# My current Setup



## GoNoles (Jul 7, 2012)

65" GT30
DMP-BDT500
Directv HR34
Marantz SR 6005
Klipsch RF-82 II (2)
Klipsch RC-62 II (1)
VTF-15H (1)










These are current (max) results with the system, at my seat, tested last night with CM 140 at 0.0db on Marantz:



> Act of Valor, gun boat scene - 109.8
> HTTYD, final battle - 109.7
> Iron Man 2, final battle - 111.0
> Episode 1, pod race - 110.8


How do you feel about that for HT? Room is around 3600cuft, and one side opens into more area so its a lot of room to fill.


----------



## yoda13 (Feb 14, 2012)

GoNoles said:


> 65" GT30
> DMP-BDT500
> Directv HR34
> Marantz SR 6005
> ...


I feel hearing degradation coming :unbelievable: If you have small kids, beware, that sub will eat them.

very nice
cheers


----------



## bxbigpipi (Feb 2, 2012)

That is a very nice clean looking setup!
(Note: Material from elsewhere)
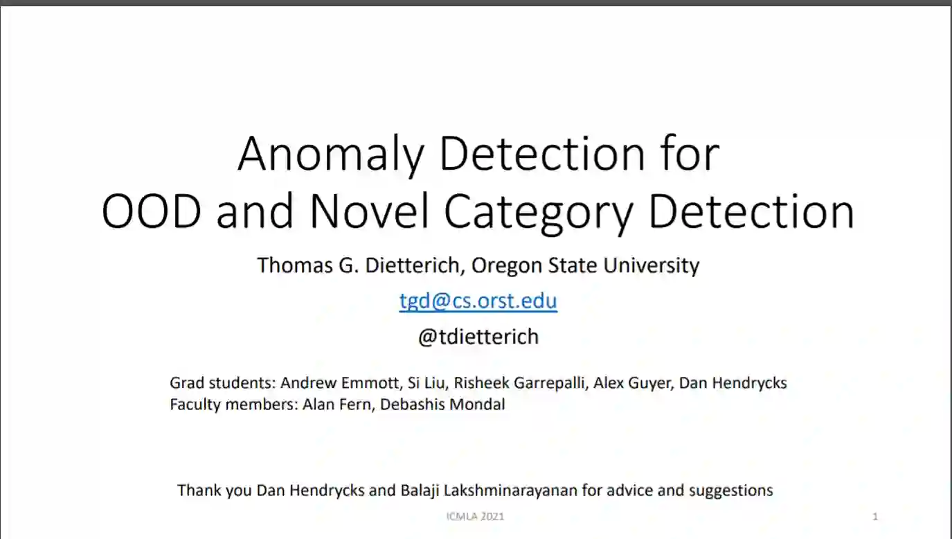 2021年10月,俄勒冈州立大学计算机科学名誉教授、被认为是机器学习领域的先驱之一的Tom Dietterich在亚马逊的年度机器学习大会上发表了主旨演讲。

I like the stand also. I have to get better speakers for my setup, but mine isn't bad.


----------



## NBPk402 (Feb 21, 2012)

How does it sound to you? Do you hear any unwanted vibrations.. ie windows rattling? Can you hear the quietest sounds when you are watching a movie? When I did sound treatments in my room years ago I was able to hear little items that would normally get lost by room noise. By adding treatments I found I was able to better enjoy music and movies and I didn't have to crank it up as much to enjoy it, but when I did it sounded live!


----------